Le propre d'un mythe est d'absorber l'obstacle pour s'en nourrir, et c'est ici que la construction révèle son génie. Lorsque l'affaire Gesem éclate en 2017, avec ses centaines d'épargnants floués par des promesses de rendements de 25 pour cent, n'importe quelle carrière publique aurait été foudroyée. Pas celle du Général, car le récit de la persécution était écrit d'avance. Depuis des années, il se comparait aux serviteurs de Dieu attaqués par les ténèbres, si bien que le jour où les plaintes sont arrivées, elles ne sont pas venues percuter le mythe. Elles sont venues le confirmer. Voilà le tour de force. L'accusation, qui devrait détruire, devient une pièce du dossier de sainteté. L'avis de recherche de mars 2018 n'est plus un document de police, c'est un certificat de martyre. Et la logique s'auto-alimente, car plus la charge est lourde, plus l'élu est important, donc plus l'attaque démoniaque devait être massive. Vingt ans de prison ne pèsent rien face à deux mille ans de récits de persécution qui fournissent la grille de lecture.

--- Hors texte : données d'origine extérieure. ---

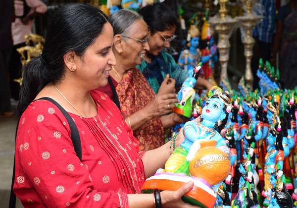 கோவை டவுன்ஹாலில் உள்ள பூம்புகாரில் கிருஷ்ண ஜெயந்தி ஒட்டி கிருஷ்ணர் பொம்மைகளை ஆர்வத்துடன் வாங்கும் பெண்கள்.

La décision du tribunal de Yopougon, qui l'a déclaré non coupable en juillet 2018, est venue offrir au récit sa conclusion parfaite. Peu importe, dans l'économie du mythe, que cette décision ivoirienne soit sans effet sur la procédure camerounaise, laquelle a abouti à une condamnation à vingt ans de prison ferme dont l'appel s'ouvre ce vendredi à Yaoundé. La communication du retour retient l'acquittement et efface la condamnation, comme le mythe retient le miracle et efface la mise en scène. L'homme qui embrassait le sol à la sortie de Nsimalen ne se présentait pas en prévenu qui doit s'expliquer, il se présentait en ressuscité. Et l'effervescence de sa première apparition en église a fourni au récit ce que le tarmac lui avait refusé, des témoins. La résurrection s'est jouée en deux temps, le geste solitaire d'abord, la liesse ensuite, et seul le second a vocation à rester dans les mémoires.

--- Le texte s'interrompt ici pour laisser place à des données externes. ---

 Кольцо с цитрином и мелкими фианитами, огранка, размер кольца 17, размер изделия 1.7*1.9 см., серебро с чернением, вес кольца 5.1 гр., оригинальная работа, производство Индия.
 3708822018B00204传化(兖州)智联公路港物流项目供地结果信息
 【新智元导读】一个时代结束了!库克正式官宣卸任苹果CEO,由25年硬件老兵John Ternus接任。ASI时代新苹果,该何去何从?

Le décor a changé, la scène demeure

La leçon de cette semaine tient dans un contraste. Dehors, dans l'espace public où personne ne contrôle la mise en scène, une dizaine de fidèles et des curieux. Dedans, dans une salle acquise, sous des caméras amies, la ferveur des grands jours et des vidéos redevenues virales. Le mythe du Général n'opère pas partout, il opère là où l'homme tient la régie. C'est à la fois sa force et sa limite. Sa force, car l'écosystème qu'il a bâti, églises, écrans et récits, s'est rallumé en quelques heures comme si les dix années d'absence n'avaient pas existé. Sa limite, car un procès en appel ne se déroule ni dans une église ni sur les réseaux sociaux. Dans un prétoire, la régie appartient au juge, les hurlements de la salle n'y délivrent personne et les images comptent moins que les pièces. Vendredi, pour la première fois depuis dix ans, le Général devra jouer sur une scène qui n'est pas la sienne. Nous y reviendrons dans le prochain volet de cette série, consacré à l'anatomie de l'affaire Gesem.

Cette analyse repose sur des sources publiques et des faits documentés au moment de sa rédaction. Les éléments non confirmés y sont présentés au conditionnel et chaque lecteur est invité à exercer son propre discernement.